Early Stopping Parameters

early_stop_iterations:
integer, optional (default = False):
If provided, specifies the number of iterations after which to hard-stop the algorithm.
stop_unmatched_c:
bools, optional (default = False)
Specifies whether the algorithm stops when there are no control units remaining to match.
stop_unmatched_t:
bools, optional (default = False)
Specifies whether the algorithm stops when there are no treatment units remaining to match.
early_stop_un_c_frac:
float, optional (default = 0.1)
Minimum acceptable proportion of unmatched treatment units after which the algorithm will stop iterating. Must be between 0 and 1.
early_stop_un_t_frac:
float, optional (default = 0.1)
Minimum acceptable proportion of unmatched treatment units after which the algorithm will stop iterating. Must be between 0 and 1.
early_stop_pe:
bool, optional (default = False)
If True, then the algorithm will hard-stop once the covariate set chosen for matching has a predictive error greater than the threshold provided in early_stop_pe_frac
early_stop_bf:
bool, optional (default = False)
If True, then the algorithm will hard-stop once the covariate set chosen for matching has a balancing factor lower than the threshold provided in early_stop_bf_frac
early_stop_pe_frac:
float, optional (default = 0.01)
If early_stop_pe is True, then the algorithm will hard-stop once the covariate set chosen to match on has a predictive error greater than this value.
early_stop_bf_frac:
float, optional (default = 0.01)
If early_stop_bf is True, then the algorithm will hard-stop once the covariate set chosen to match on has a balancing factor lower than this value.

Missing Data Parameters

missing_indicator:
string, integer, np.nan, optional (default = np.nan)
This is the indicator for missing data in the dataset. For example, if missing values are denoted with "NA", set this paramater equal to "NA".
missing_holdout_replace:
integer, optional (default = 0):
If 0, assume no missingness in holdout data.
If 1, drop all units with missingness from holdout dataset.
If 2, impute missing values using MICE on holdout dataset for the number of imputations specified by missing_holdout_imputations
missing_data_replace:
integer, optional (default = 0):
If 0, assume no missingness in matching data.
If 1, drop all units with missingness from matching dataset.
If 2, do not match units on covariates that are missing.
If 3, impute missing values using MICE on matching dataset for the number of imputations specified by missing_data_imputations.
missing_holdout_imputations:
integer, optional (default = 10)
If missing_holdout_replace=2, specifies the number of imputations on the holdout set.
missing_data_imputations:
integer, optional (default = 1)
If missing_data_replace=3, specifies the number of imputations on the matching set.
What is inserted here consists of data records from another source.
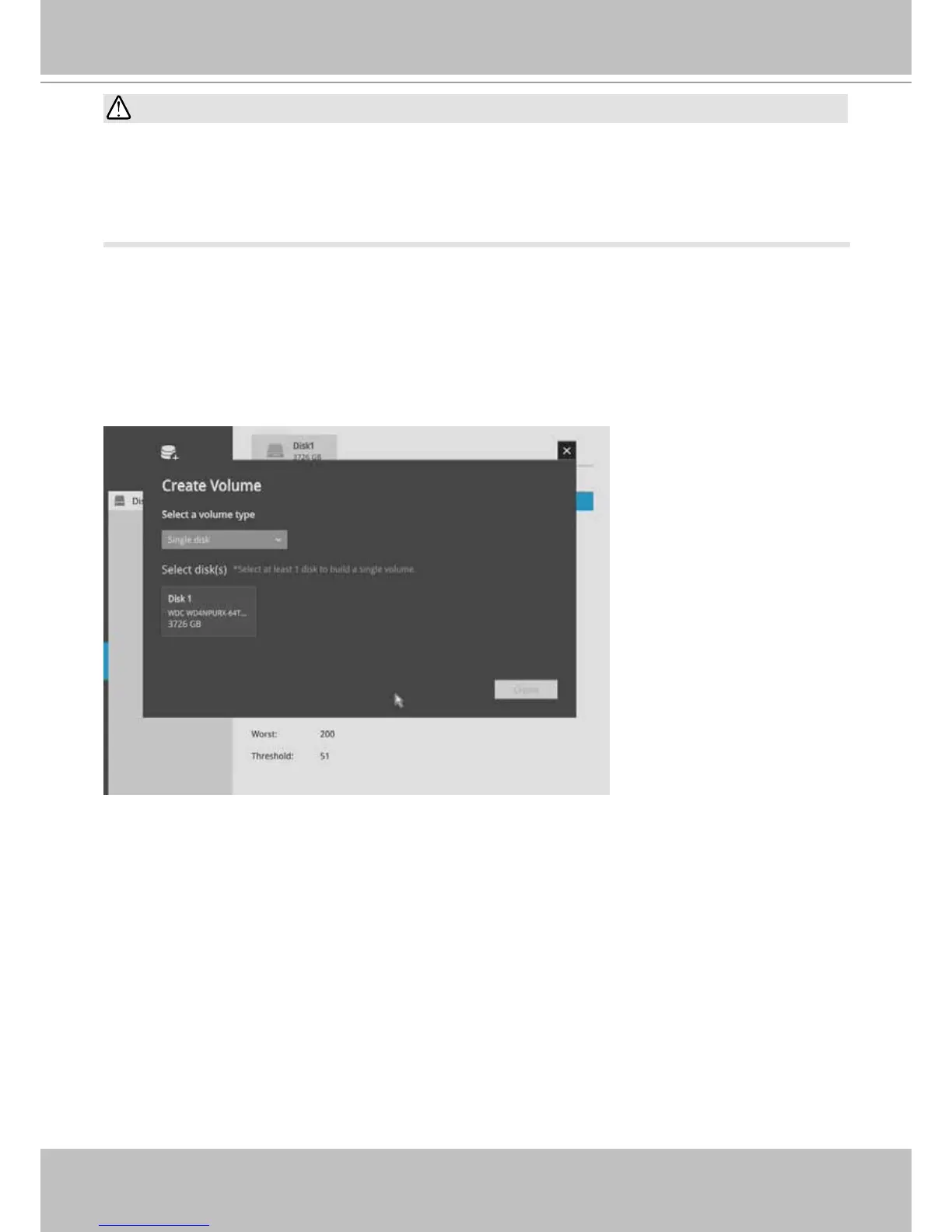 1. Click on the Create Volume button on top of the listed disk drives. The Create Volume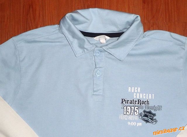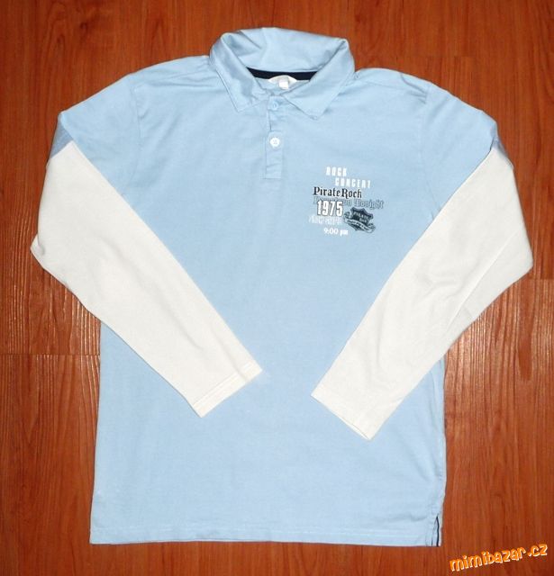 Prodám chlapecké tričko, vel. značená 158-164, odpovídá vel. 158, zn. TCM. Světle modré, efekt bílých dvojitých rukávů, u krku rozhalenka na knoflíky s límečkem. Nahoře ozdobná nášivka s pirátskými motivy, na bocích v lemu rozparky. Materiál 100% bavlna.…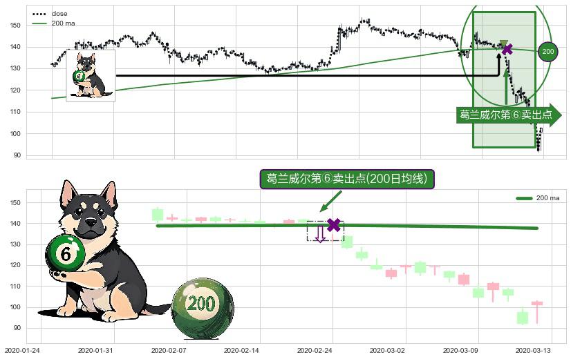 形态多维评估: ⚀ 2020-02-21-日显现 葛兰威尔均线 200日均线 第⑥卖出点 走势反转见顶信号,后市看跌,卖出信号
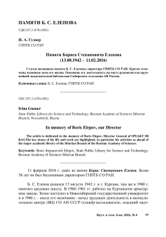 Опубликовано ср, 08/24/2022 - 19:57 пользователем Гость (не проверено) Научные и технические библиотеки. 1 / 2017 PDF Открыть Научная статья Сибирский регион State Public Library for Science and Technology of the Russian Academy of Sciences Siberian Branch Siberian Region ГПНТБ СО РАН ГПНТБДата публикации: 2017Серия: Научные и технические библиотекиВыпуск (issue): 1Страницы: 58-65Идентификатор: oai:oai.gpntb.elpub.ru:article/141https://ntb.gpntb.ru/jour/article/view/14110.33186/1027-3689-2017-1-58-65 Лицензия: CC BY Источник: ntb.gpntb.ru В открытом доступе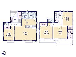 | 間取り | 4LDK 間取り内訳:リビングダイニングキッチン 16帖(1階)・和室 4.5畳(1階)・洋室 7.5帖(2階)・洋室 7帖(2階)・洋室 5.2帖(2階) |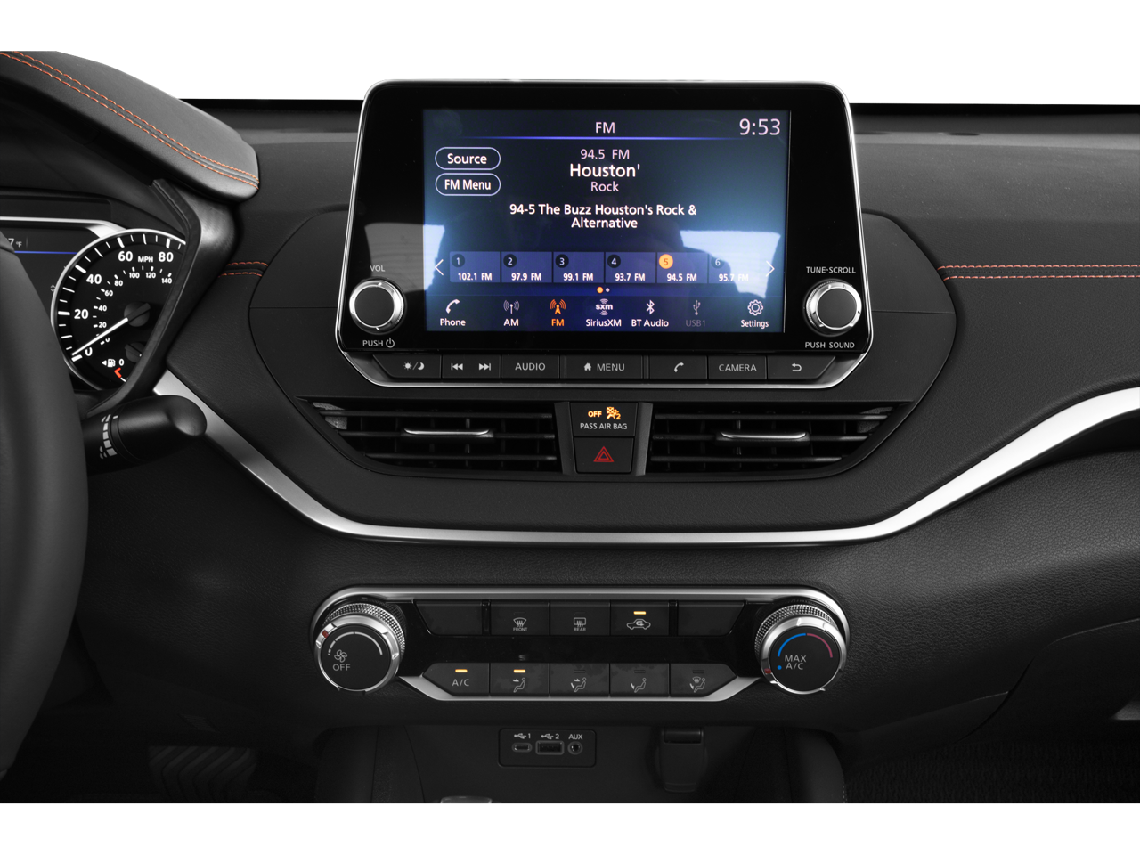 - Radio: AM/FM Audio System -inc: 6 speakers, aux input, NissanConnect featuring Apple CarPlay, Android Auto, 8" color touch-screen display, 1 front illuminated USB port (type-C) for compatible devices, SiriusXM radio w/advanced audio features, Bluetooth hands-free phone system, streaming audio via Bluetooth, hands-free text messaging assistant, 2 rear illuminated USB ports (type-A, 1 type-C) for compatible devices, Siri Eyes Free and Google Assistant voice recognition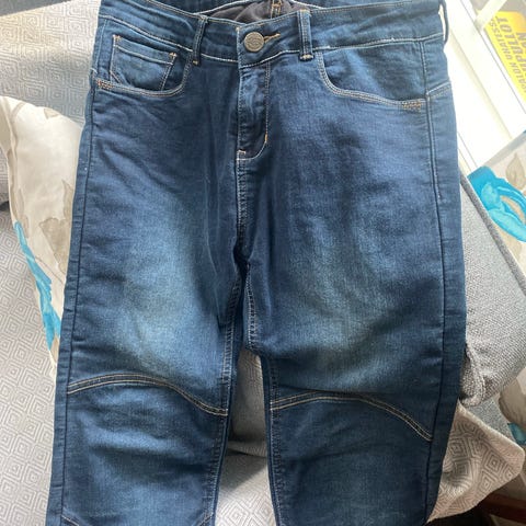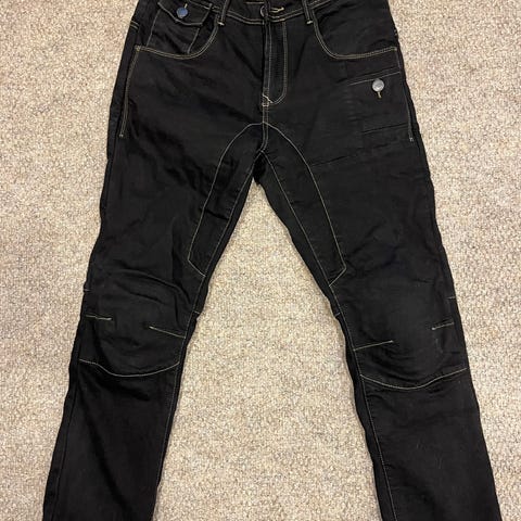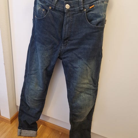 Ajofarkut, joissa polvissa kovikkeet. Vasemmassa lahkeessa pientä öljytahraa (näkyy kuvassa), ei ole pesty koneessa. Koko W30 L34.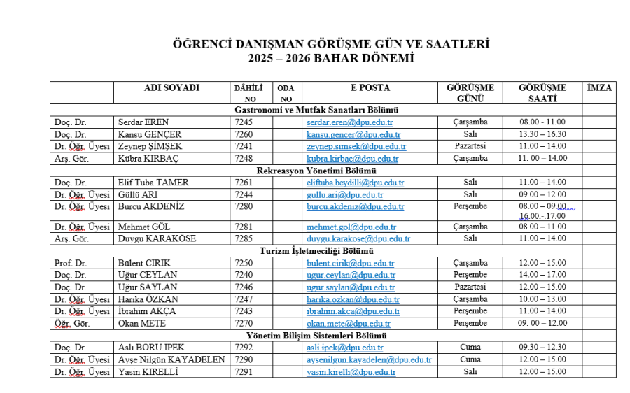 Danışman Gün ve Saatleri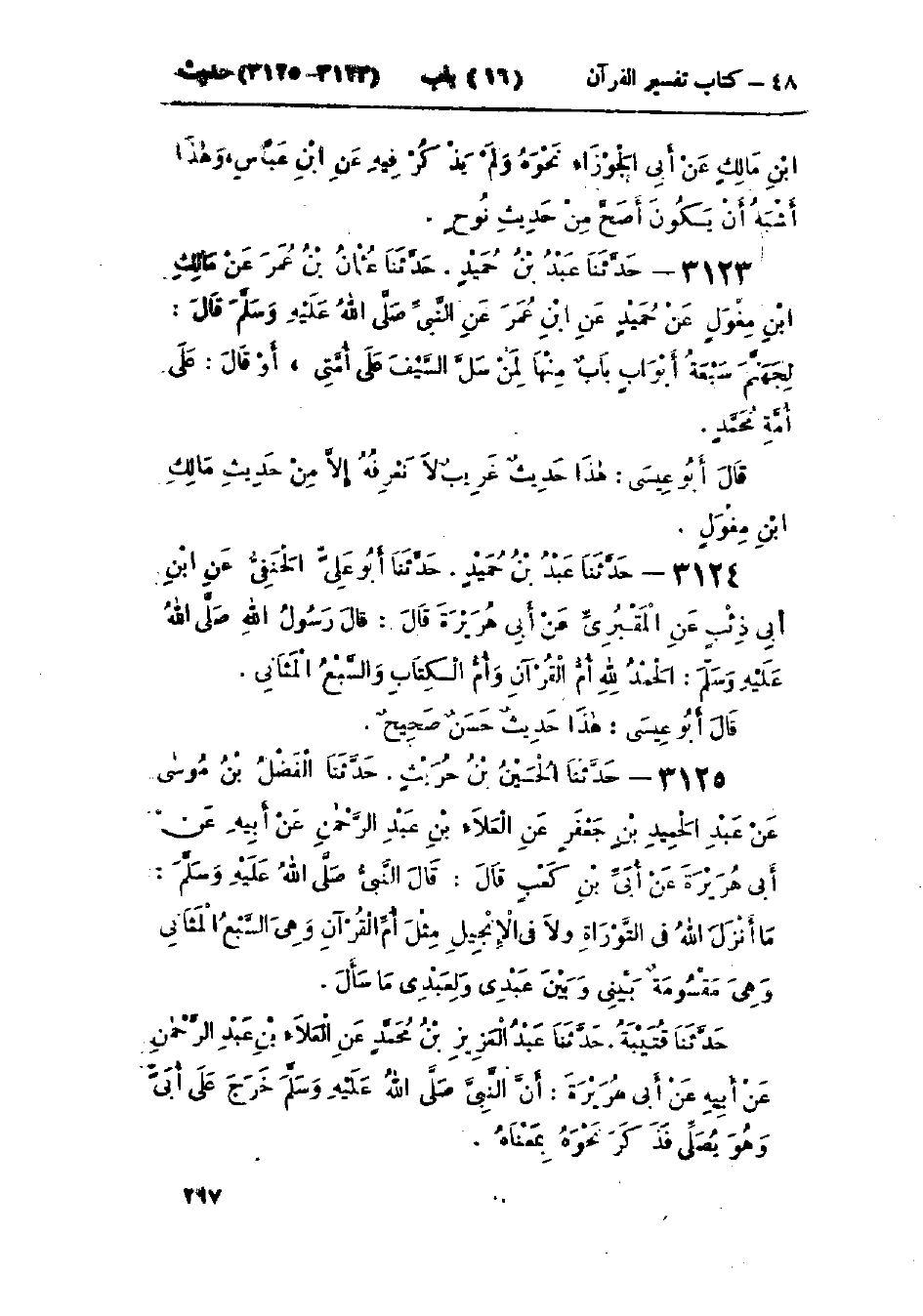 3125 - حَدَّثَنَا الحُسَيْنُ بْنُ حُرَيْثٍ قَالَ: حَدَّثَنَا الفَضْلُ بْنُ مُوسَى، عَنْ عَبْدِ الحَمِيدِ بْنِ جَعْفَرٍ، عَنْ العَلَاءِ بْنِ عَبْدِ الرَّحْمَنِ، عَنْ أَبِيهِ، عَنْ أَبِي هُرَيْرَةَ، عَنْ أُبَيِّ بْنِ كَعْبٍ، قَالَ: قَالَ النَّبِيُّ صَلَّى اللَّهُ عَلَيْهِ وَسَلَّمَ: «§مَا أَنْزَلَ اللَّهُ فِي التَّوْرَاةِ وَالْإِنْجِيلِ مِثْلَ أُمِّ القُرْآنِ، وَهِيَ السَّبْعُ المَثَانِي، وَهِيَ مَقْسُومَةٌ بَيْنِي وَبَيْنَ عَبْدِي، وَلِعَبْدِي مَا سَأَلَ» حَدَّثَنَا قُتَيْبَةُ قَالَ: حَدَّثَنَا عَبْدُ العَزِيزِ بْنُ مُحَمَّدٍ، عَنِ العَلَاءِ بْنِ عَبْدِ الرَّحْمَنِ، عَنْ أَبِيهِ، عَنْ أَبِي هُرَيْرَةَ، أَنَّ النَّبِيَّ صَلَّى اللَّهُ عَلَيْهِ وَسَلَّمَ خَرَجَ عَلَى أُبَيٍّ وَهُوَ يُصَلِّي فَذَكَرَ نَحْوَهُ بِمَعْنَاهُ.: -[298]- «حَدِيثُ عَبْدِ العَزِيزِ بْنِ مُحَمَّدٍ أَطْوَلُ وَأَتَمُّ، وَهَذَا أَصَحُّ مِنْ حَدِيثِ عَبْدِ الحَمِيدِ بْنِ جَعْفَرٍ، وَهَكَذَا رَوَى غَيْرُ وَاحِدٍ عَنِ العَلَاءِ بْنِ عَبْدِ الرَّحْمَنِ»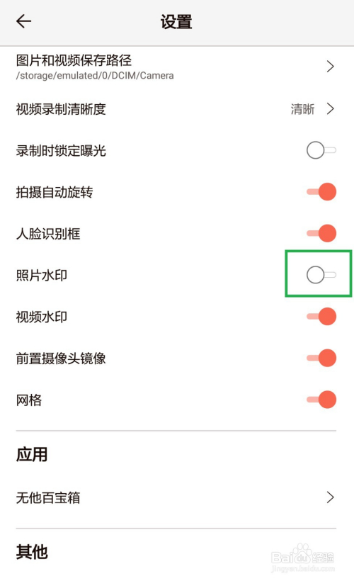 第四步:滑动“照片水印”后的滑块,封闭照片水印。

Additional Functions - Parameters and Defaults

#returns main matched group of specified unit mmg_of_unit(return_df, unit_id, input_data, output_style=1) #returns treatment effect on specified unit te_of_unit(return_df, unit_id, input_data, treatment_column_name, outcome_column_name) #returns main matched group and treatment effect for specified unit and includes fancy version of above functions mmg_and_te_of_unit(return_df, unit_id, input_data, treatment_column_name, outcome_column_name, return_vals=1)

Key Parameters

return_df:
Dataframe, required
The dataframe containing all of the matches, obtained from the first element in the output of the algorithm.
unit_id:
integer, required
The index identification for the unit of interest.
input_data:
Dataframe, required
Dataframe containing the original dataset which has already been matched using DAME.
treatment_column_name:
string, required
The name of the column in input_data which specifies whether a unit is treated or control.
outcome_column_name:
string, required
The name of the column in input_data which specifies each unit outcome.
output_style:
integer, optional (default = 1)
If 1, include only the covariates matched on in the output.
If 2, include all attributes in the output.
return_vals:
integer, optional (default = 1)
If 0, print the main matched group and treatment effect for the specified unit (fancy version).
Else, return the main matched group and treatment effect for the specified unit with no print statement (default version).